Put your biggest, meanest, most violent people in charge:
Although we don’t often see singularly powerful authoritarian bigots come out of these groups, although I’d argue that TERFs have several such figures like one notable fake goth I can think of, I think this manifests in a slightly different way than what you see with conservative Christians and right-wingers in US politics.
Namely, people in these groups compete to see which of them can be seen most aggressive in attacking their chosen enemy. They’ll create reblog chains that are full of endless mockery trying to attack the group they don’t like. They’ll find people talking about something that doesn’t even come close to intruding on their special topic and flock to it like moths to a flame. If you’ve ever seen an exclusionist show up on a post by a queer person talking about a queer, specifically to cry out that queer is a slur and how dare any of us identify that way, you’ve seen it in action.
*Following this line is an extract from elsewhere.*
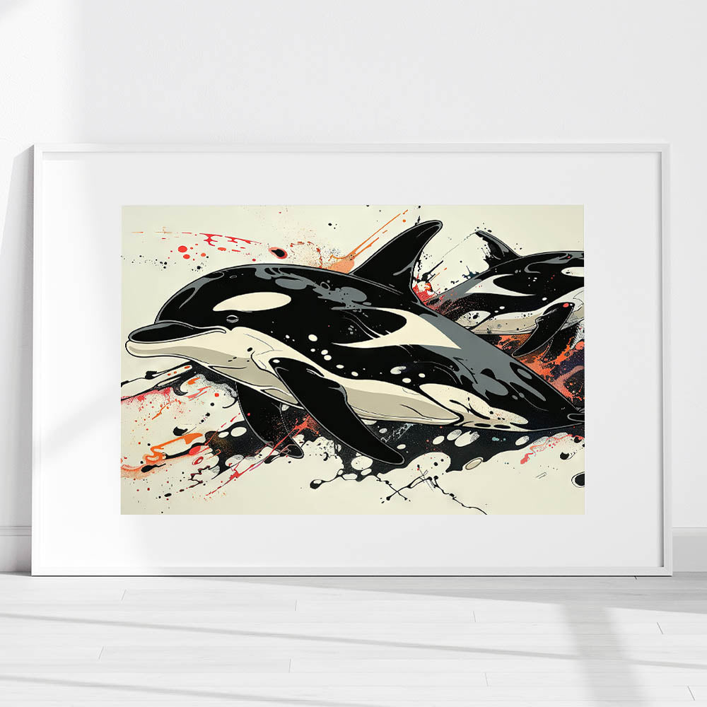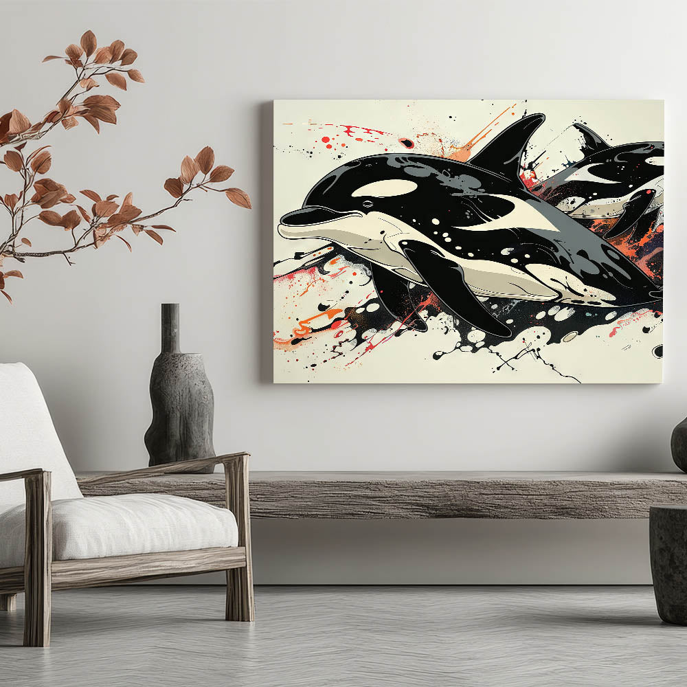 Abstract Orca Wall Art - Vibrant Ocean Life Canvas & Print Decor

Authoritarianism teaches bigotry and the reason that we can so easily draw comparisons between these three groups of people is because they’re all authoritarians who operate in basically the same way. They’ll feed into one another’s communities because once you’re terrified enough of trans women to become a TERF, you might easily decide that aces are worth being terrified of too and so identify with exclusionism.
The comparisons are real and obvious and supremely depressing, but I reserve a special sadness for people who understand why one or two of these groups are bigots, but can’t see clearly enough to recognize their own devotion to authoritarian ideology.